Curator in Charge, American Section; Sally and Alvin Shoemaker Professor in Anthropologyv at the University of Pennsylvania
Specialties/Interests:
Archaeology
Maya civilization
Origins of ancient states,
Evolution of human societies
Current/Past Research:
Dr. Robert J. Sharer received his Ph.D. from the University of Pennsylvania in 1968 and he has taught in the anthropology department at Penn for over 30 years. He is a Fellow of the American Academy of Arts and Sciences and the Society of Antiquaries of London, and a member of the American Anthropological Association and the Society for American Archaeology. He has conducted research in Central America for over 40 years, directing long-term multidisciplinary archaeological projects at Chalchuapa, El Salvador (1966-70), in the Salama Valley, Guatemala (1971-74), at Quirigua, Guatemala (1974-79), and at Copán, Honduras (1988-2002). He has also studied a contemporary Maya community in the northwest highlands of Guatemala, and conducted archaeological surveys and excavations of Late Preclassic settlement at El Mirador, Guatemala, and on the north coast of Honduras. In his most recent research he directed the Early Copán Acropolis Program for Penn Museum and the Instituto Hondureño de Antropología e Historia, excavating the royal Acropolis of the lowland Maya site of Copan, Honduras. This project combined archaeological and historical data to reveal the origin and development of the Copán state between 400 and 650 AD.

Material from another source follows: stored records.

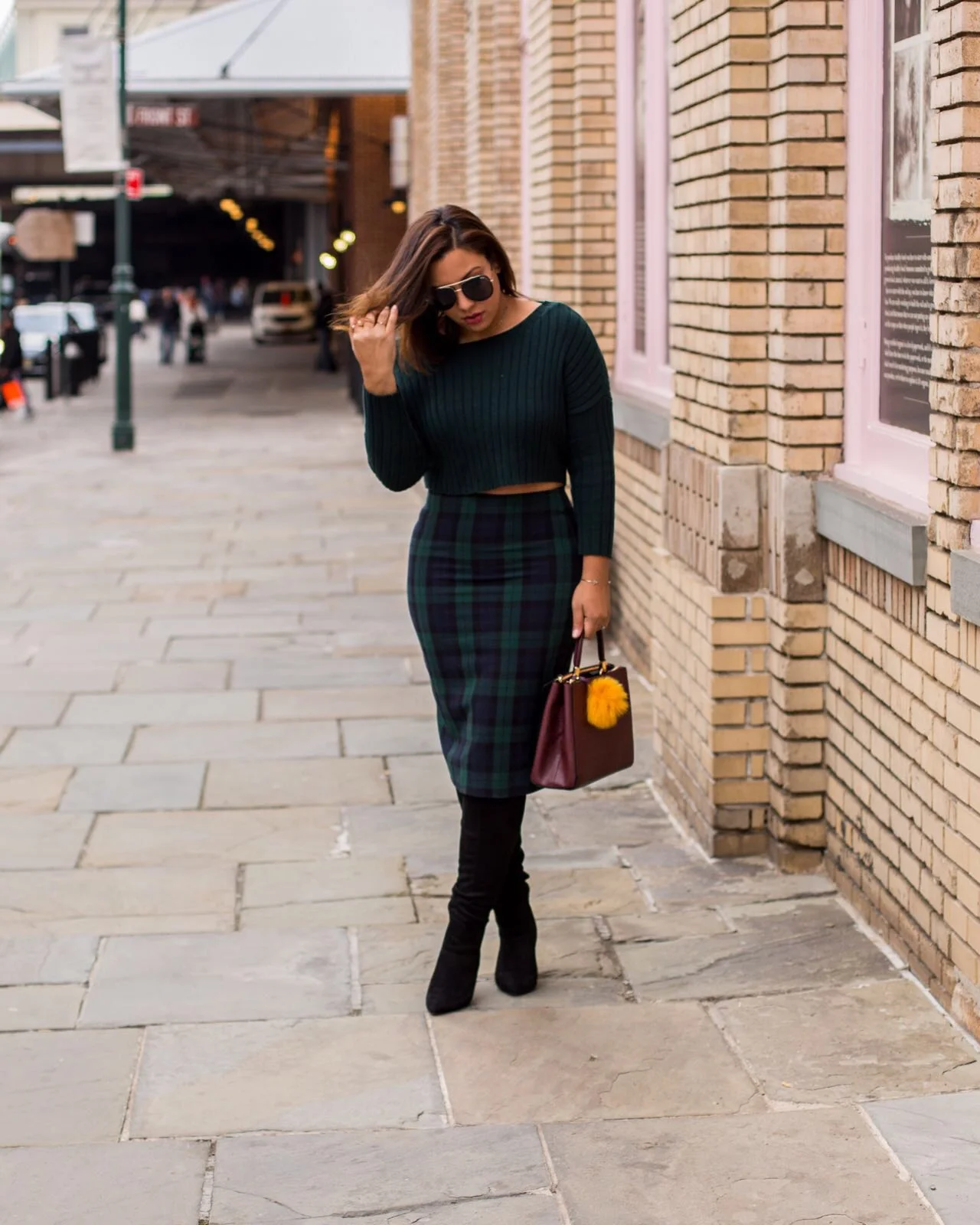 Rosanna: ya lo había llevado hace un tiempo, sin embargo en esta oportunidad quise irme por una onda distinta; llevar el patrón en la falda, una falda lápiz, que ustedes saben que soy amante a ellas, acompañada de un crop de invierno y claro, el calzado de tendencia; botas súper altas en color negro, el secreto para llevar este tipo de estampado si eres más orientada a la onda delicada y femenina es tratar de implementarlo en piezas que evoquen feminidad así hacemos el balance correcto. Cuando decidas comprar una pieza con este print asegúrate que sea funcional; ya me verán en Spring con esta misma falda en otro look.
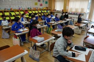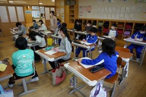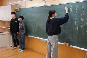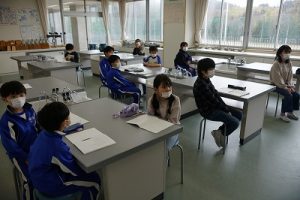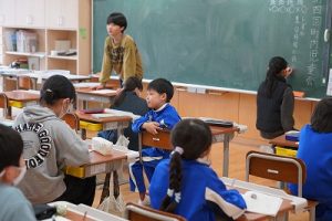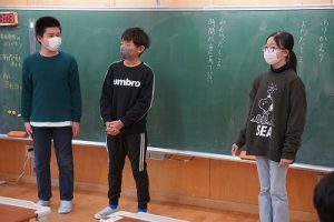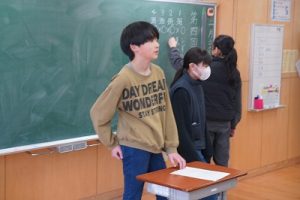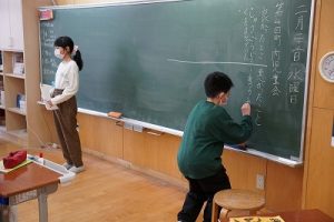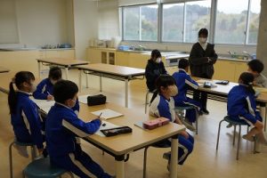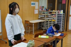 1校時の様子です。1・3年生は卒業を祝う集いの練習をしていました。2・5年生は算数、4年生は外国語活動、6年生はテスト直しを頑張っていました。
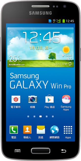 GALAXY WIN Pro全民天王機採用高效1.2GHz四核心處理器及16:9黃金比例4.5吋螢幕,不僅能讓使用者隨時體驗流暢的操作快感,更可讓消費者透過最佳螢幕顯示效果觀賞影音,增加行動樂趣。此外,GALAXY WIN Pro 全民天王機內建多款三星獨家智慧功能,其中包括可辨識使用者閱讀行為,不讓螢幕自動休眠的「Smart Stay智慧休眠」功能、可隨時掌握來電或訊息的「Smart Alert智慧提醒」,以及可立即中止來電、訊息等通知聲響的「翻轉以靜音/ 暫停」功能,讓使用者自在掌握行動高效。
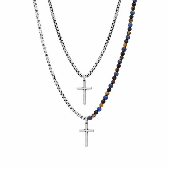 Featuring a double-strand design accented with colorful beads and a pair of crosses, this men’s stainless steel necklace conveys your faith in a stylish way.
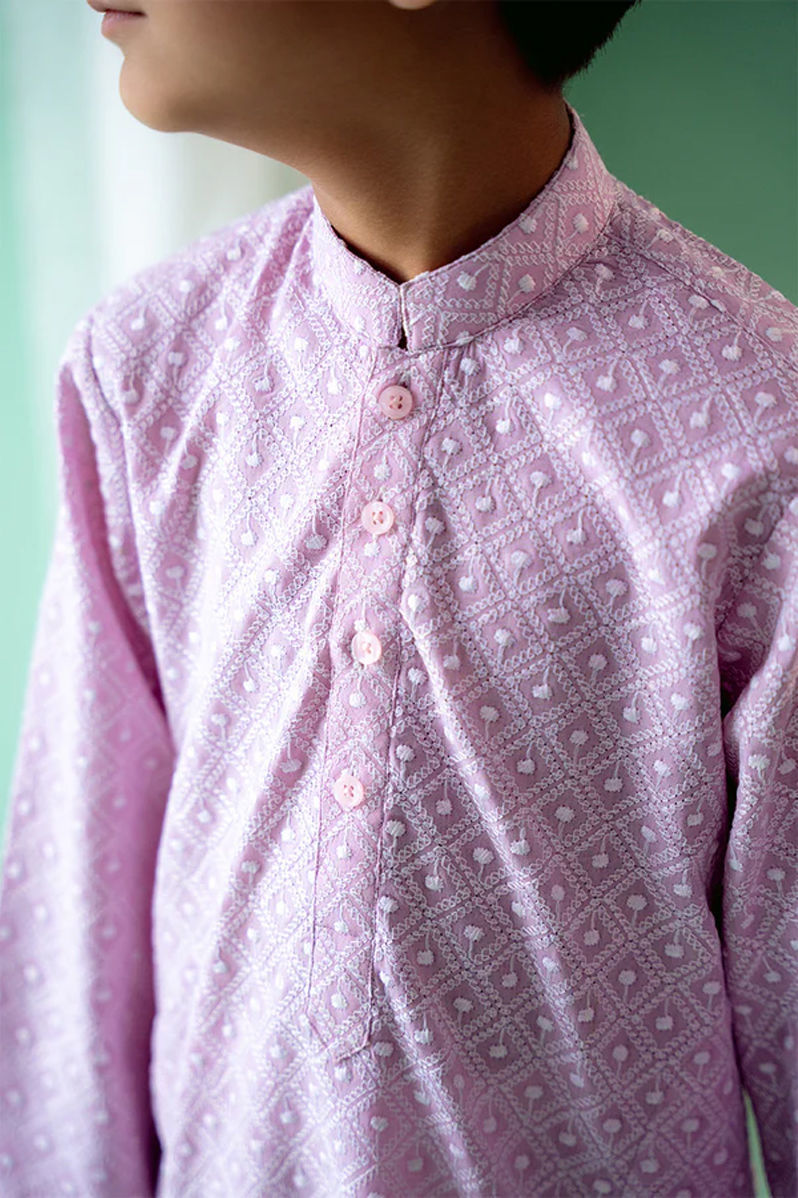 A refined boy's kurta made from soft Schiffli fabric in a calming lavender shade, combining traditional craftsmanship with contemporary style. The delicate Schiffli embroidery adds a touch of texture and elegance to the kurta, with its signature open-thread design that creates a light, airy effect. The kurta features a relaxed yet tailored fit, offering comfort without compromising on style. The subtle lavender color gives the outfit a fresh, understated look, perfect for casual or semi-formal events. Paired with crisp white cotton pants, this ensemble creates a balanced and harmonious contrast, offering a clean, polished appearance. Shirt length: 25" , Model height : 3'8
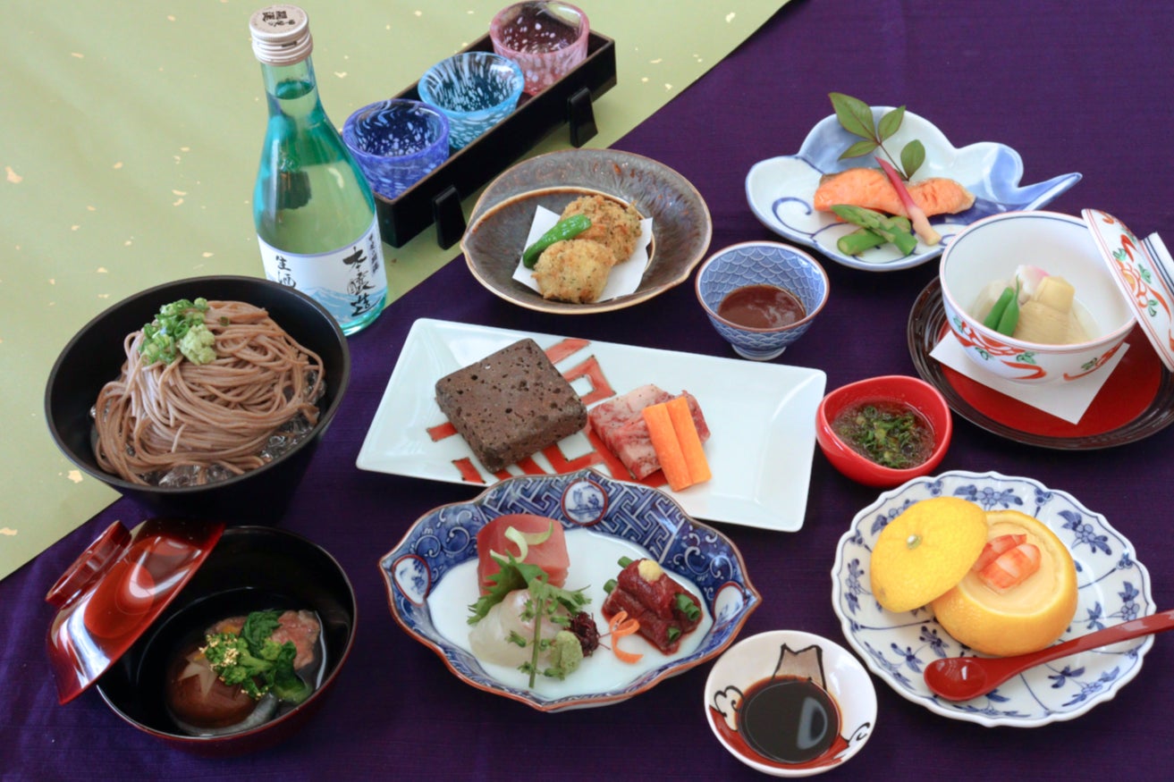 追加料金(1名12,000円)で「富士山ディナーコース(和・洋)」選択可(ワンドリンクサービス付き)
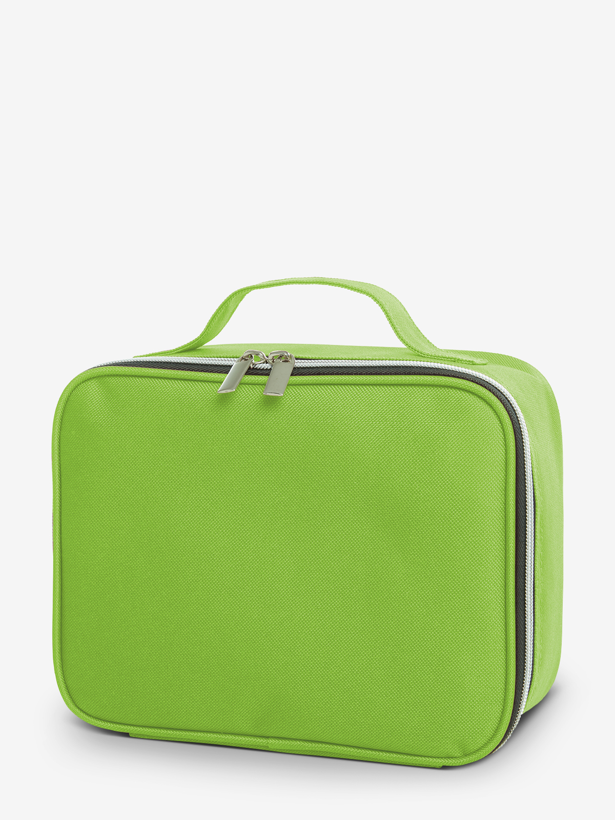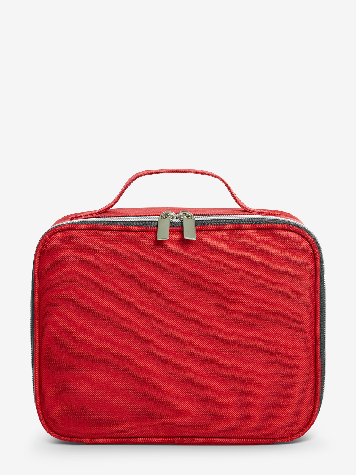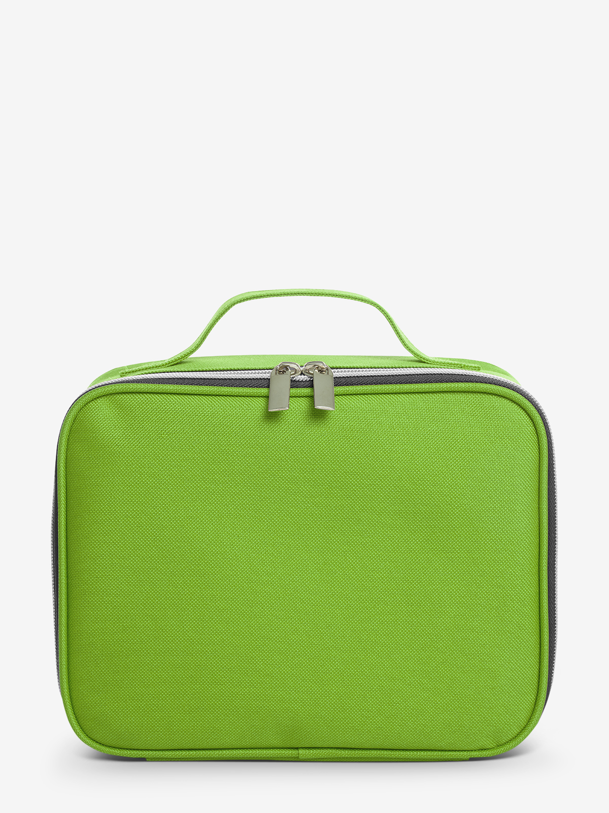 main compartment with wrist strap; silver zipper; insert pouch on the inside
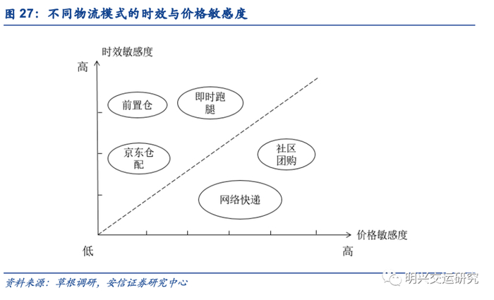 总的来看,不同物流模式的时效与价格敏感度存在较大差异:(1)仓配模式主通常客单价较高,价格敏感度低,周转快,具有较高的时效要求;(2)网络快递适时效要求较低、对价格敏感度高;(3)前置仓定位高消费客群,价格敏感度低,时效要求高。(4)即时配送主要覆盖餐饮外卖、生鲜果蔬、日用百货类商品,具有一定时效要求,价格敏感度一般。(5)社区团购聚焦在高频、刚需的家庭生鲜食品领域,客单价低而时效要求高。
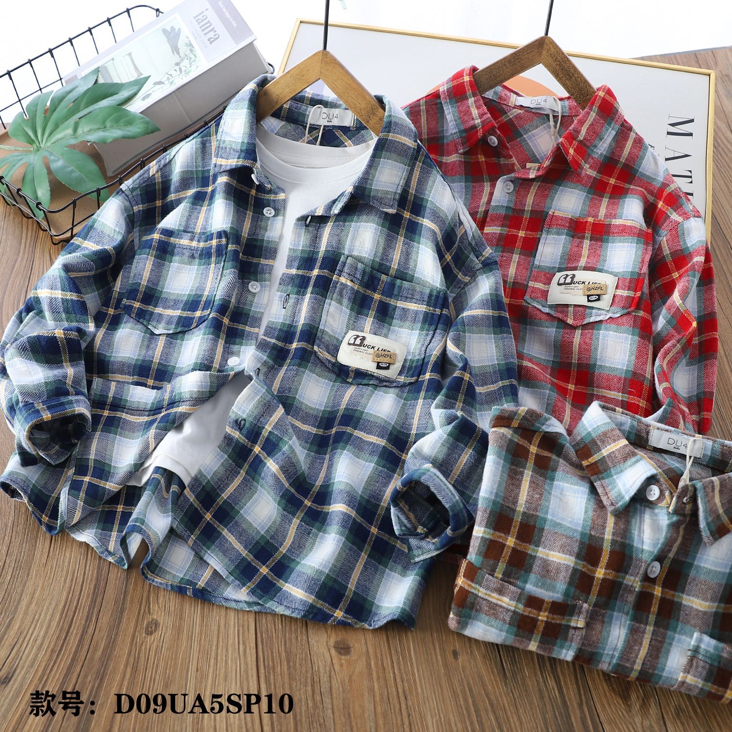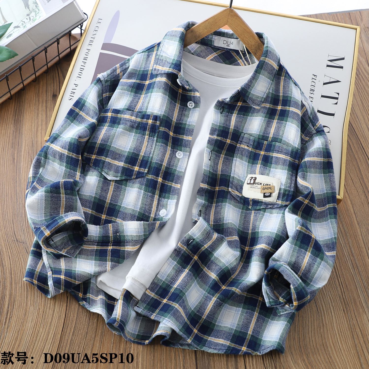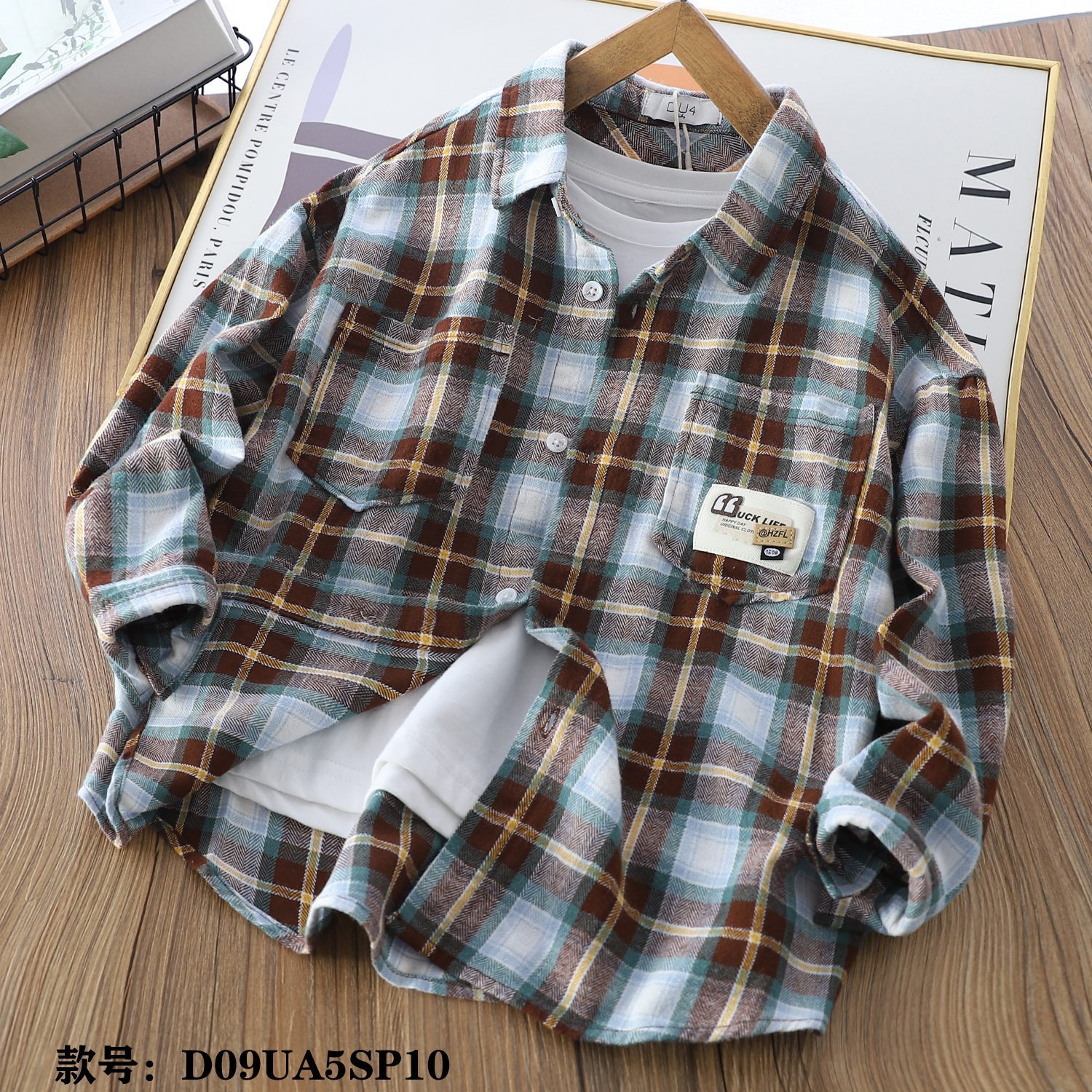 1.磨毛色织格纹面料,采用色织工艺,透气性好,不 设计亮点: 1:宽松版型,厚度适中,颜色清新春天。2:衬衫领,左前口袋组合皮标装饰,版型干净利索。3:可以搭配小背心或者t,春天小外套;也可以单穿,穿搭性。 版型介绍:宽松版型功能性:春天百搭款,适合多场景穿着。

He has published over 100 scholarly articles, and is co-author of two archaeology textbooks and several monographs reporting the results of his archaeological research, including a three volume Chalchuapa report (1978), and a one volume Verapaz report (1987). He is general editor of the Quirigua Reports, with four volumes published (1979, 1983, 1993, and 2007), and general editor of the forthcoming Early Classic Copan Acropolis Reports. He has co-edited five books, including Regional Perspectives on the Olmec (1989) and Understanding Early Classic Copán (2004), and is the author of Quirigua: A Classic Maya Center and Its Sculpture (1990), Everyday Life in Maya Civilization (1996), and two previous editions of The Ancient Maya (1983 and 1994). A completely revised and expanded edition of The Ancient Maya, published in 2005, combines a 2500-year history of Maya society with discussions of the central roles played by economic, sociopolitical, and ideological factors in the growth and development of this extraordinary civilization. By illuminating the Maya past The Ancient Maya offers a more complete context for understanding the Maya people of today and their continuing struggle to restore their cultural heritage and attain their rightful standing in the contemporary world.